▶ _Instructions for the task_
Leave out every picture, and return exactly the lines from the line containing "Ann Taylor Petite" through the end of the records below, both inclusive.

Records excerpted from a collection

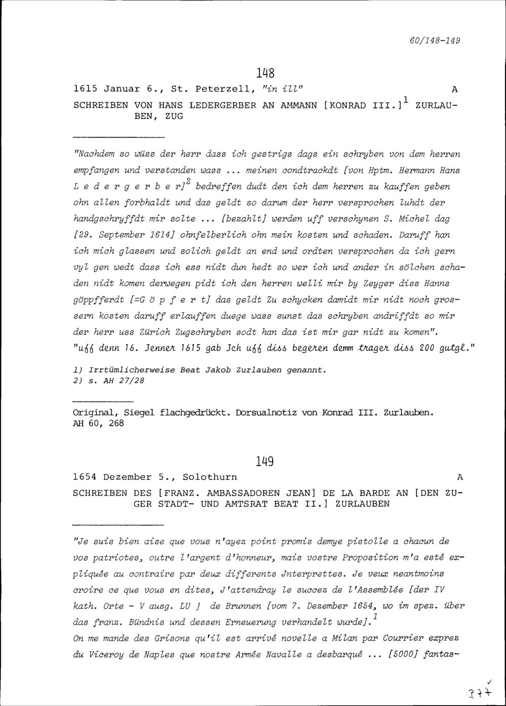 Schreiben von Hans Ledergerber an Konrad III. Zurlauben, Ammann, Zug
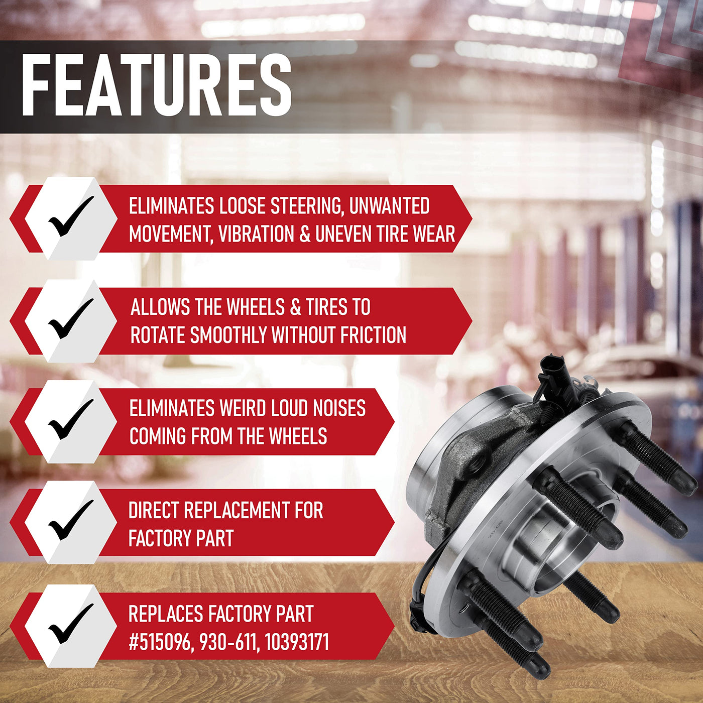 The front wheel bearing and hub assembly is a crucial part of the drivetrain as it enables the wheels and tires to rotate smoothly without friction. Wheel hub bearing problems can easily be identified by loud noises from the wheel area, loose steering or unwanted movement, vibration and uneven tire wear. Installation is easy with no special tools required and it will fit, look, and work like the factory wheel hub bearing. Fits the following 4WD vehicles WITH 6 LUGS: 2007-2014 Escalade 2007-2014 Escalade ESV 2007-2013 Escalade EXT 2007-2013 Avalanche 2007-2013 Silverado 1500 2007-2014 Suburban 1500 2007-2014 Tahoe 2007-2013 Sierra 1500 2007-2014 Yukon 2007-2014 Yukon XL 1500 Replaces part numbers: 515096, 930-611, 10393171, 22841381, 930611, 25918329, 25976819 This is a compatible replacement part manufactured by AA Ignition. This wheel bearing hub is NOT a genuine OEM part. Vehicle makes and their associated vehicle models and part numbers are used in this listing only to identify the vehicles this wheel bearing hub assembly fits.
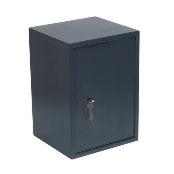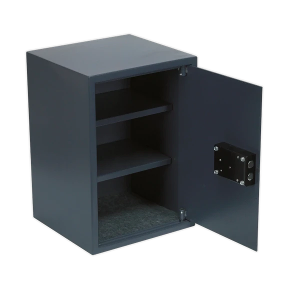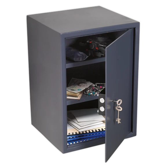 Heavy-duty steel construction with twin locking bolts. Powder coated finish to help prevent corrosion. Compact design, pre-drilled holes and security fixings allow safe to be fixed to the floor or to the wall and hidden away discreetly. Includes two shelves to help utilize the area inside the safe. Supplied with two keys.
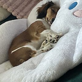 Strudel is a very sweet and affectionate dog. She enjoys the water, but walks aren't really her thing. She's a low rider and prefers swimming. Strudel loves to be held like a baby and have her tummy rubbed. She is a wonderful family dog who loves my family; I'm thrilled to be able to place her babies with other families.
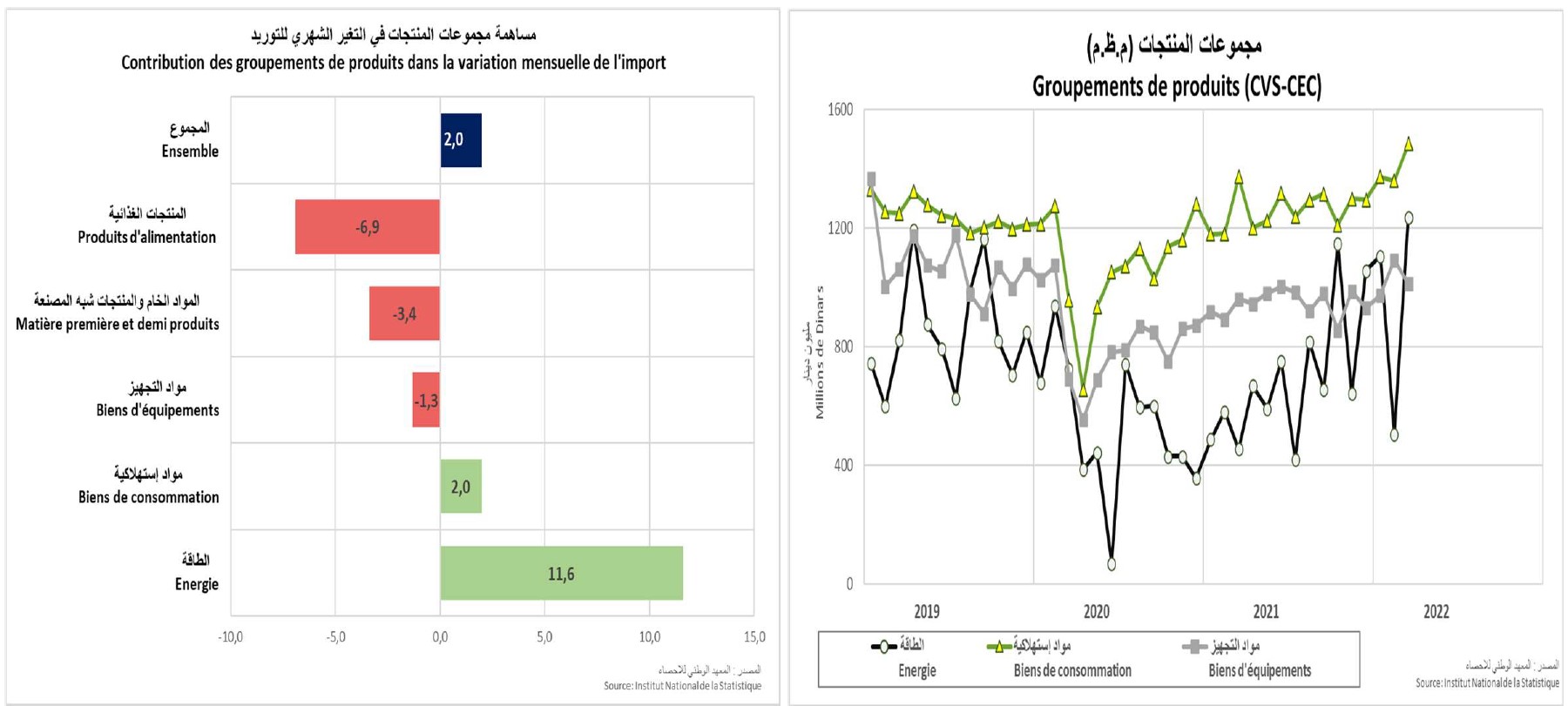 هذا التطور هو نتيجة لزيادة المسجلة في الواردات من منتجات الطاقة بنسبة + 145.1٪ ، و المشتريات من المواد الاستهلاكية بنسبة 9.2٪ فى المقابل انخفاض واردات منتجات الغذائية (-47.9٪)، و المواد الخام والمنتجات شبه المصنعة (-8.8٪) مواد التجهيز (-7.3٪).
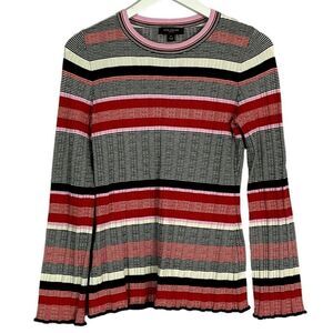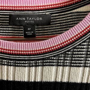 Ann Taylor Petite Striped Ruffle Cuff Sweater, size medium petite
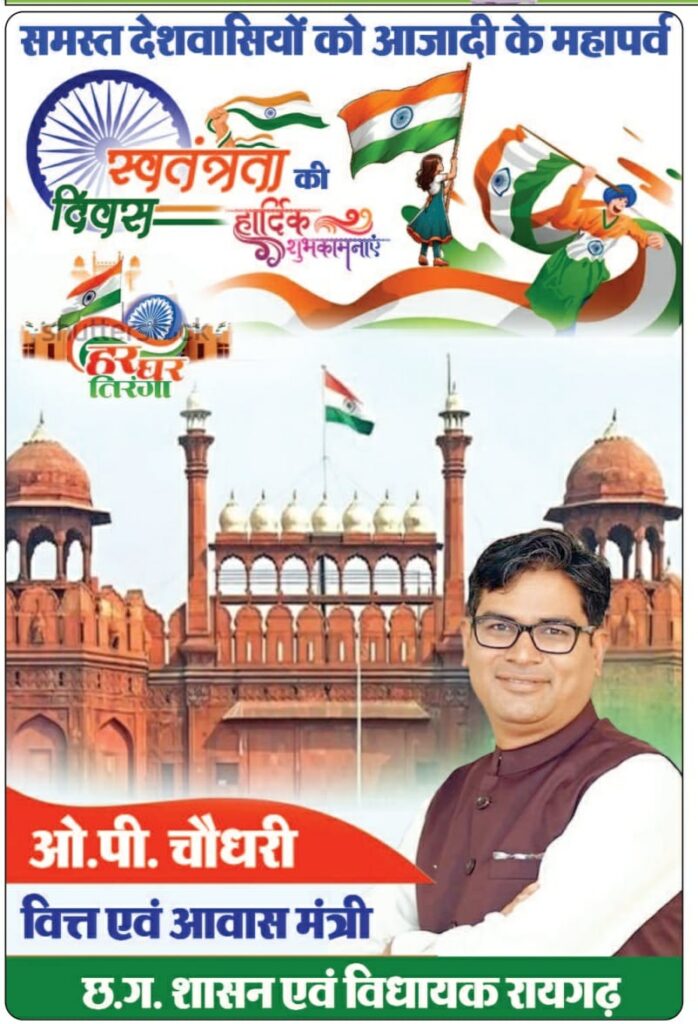 रायगढ़, 15 अगस्त 2025/ स्वतंत्रता दिवस के अवसर पर वित्त मंत्री श्री ओ.पी.चौधरी ने जिला मुख्यालय रायगढ़ में 49.99 लाख रुपये की लागत से निर्मित ‘दीदी सदन’ का लोकार्पण किया। वित्त मंत्री श्री चौधरी ने कहा कि मुख्यमंत्री श्री विष्णुदेव साय के नेतृत्व में हमारी सरकार माताओं-बहनों को सशक्त और आत्मनिर्भर बनाने के लिए निरंतर प्रतिबद्ध है और विभिन्न योजनाओं के माध्यम से उनके विकास के लिए समर्पित है। उन्होंने कहा कि राज्य सरकार गठन के बाद से महिला हितैषी नीतियों को प्राथमिकता दी गई है। उन्होंने प्रधानमंत्री नरेंद्र मोदी की लखपति दीदी योजना, पीडीएस दुकानों का संचालन महिला समूहों को सौंपने तथा रेडी-टू-ईट कार्यक्रम के विस्तार जैसी पहल का उल्लेख किया।
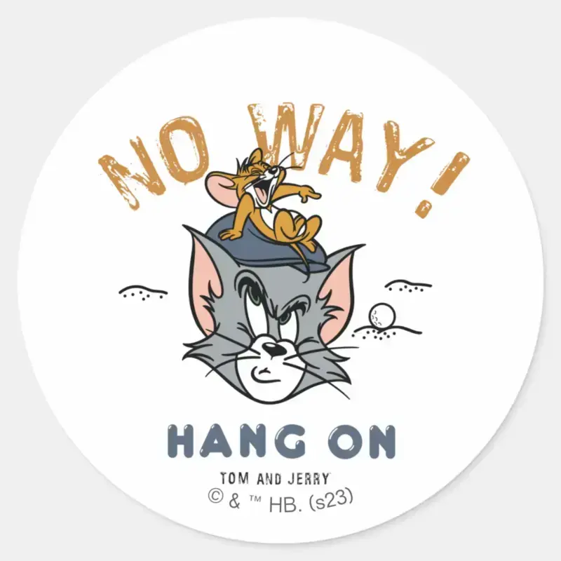 Tom Jerry Golfing No Way Classic Round Sticker vinyl sticker, waterproof durable collectible sticker for laptop, phone, bottle, bike, notebook, helmet, and accessories.
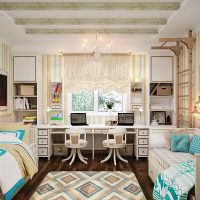 Children grow, develop, they need to absorb huge amounts of information in order to learn. Having come to his room, the child does his homework, and after that he needs to calm down and fall asleep. The way of life of a teenager corresponds to his personal space, the interior of 2019 should be pleasing to the eye, be environmentally friendly and safe.

▶ _Exercise answer_
 Ann Taylor Petite Striped Ruffle Cuff Sweater, size medium petite
 रायगढ़, 15 अगस्त 2025/ स्वतंत्रता दिवस के अवसर पर वित्त मंत्री श्री ओ.पी.चौधरी ने जिला मुख्यालय रायगढ़ में 49.99 लाख रुपये की लागत से निर्मित ‘दीदी सदन’ का लोकार्पण किया। वित्त मंत्री श्री चौधरी ने कहा कि मुख्यमंत्री श्री विष्णुदेव साय के नेतृत्व में हमारी सरकार माताओं-बहनों को सशक्त और आत्मनिर्भर बनाने के लिए निरंतर प्रतिबद्ध है और विभिन्न योजनाओं के माध्यम से उनके विकास के लिए समर्पित है। उन्होंने कहा कि राज्य सरकार गठन के बाद से महिला हितैषी नीतियों को प्राथमिकता दी गई है। उन्होंने प्रधानमंत्री नरेंद्र मोदी की लखपति दीदी योजना, पीडीएस दुकानों का संचालन महिला समूहों को सौंपने तथा रेडी-टू-ईट कार्यक्रम के विस्तार जैसी पहल का उल्लेख किया।
 Tom Jerry Golfing No Way Classic Round Sticker vinyl sticker, waterproof durable collectible sticker for laptop, phone, bottle, bike, notebook, helmet, and accessories.
 Children grow, develop, they need to absorb huge amounts of information in order to learn. Having come to his room, the child does his homework, and after that he needs to calm down and fall asleep. The way of life of a teenager corresponds to his personal space, the interior of 2019 should be pleasing to the eye, be environmentally friendly and safe.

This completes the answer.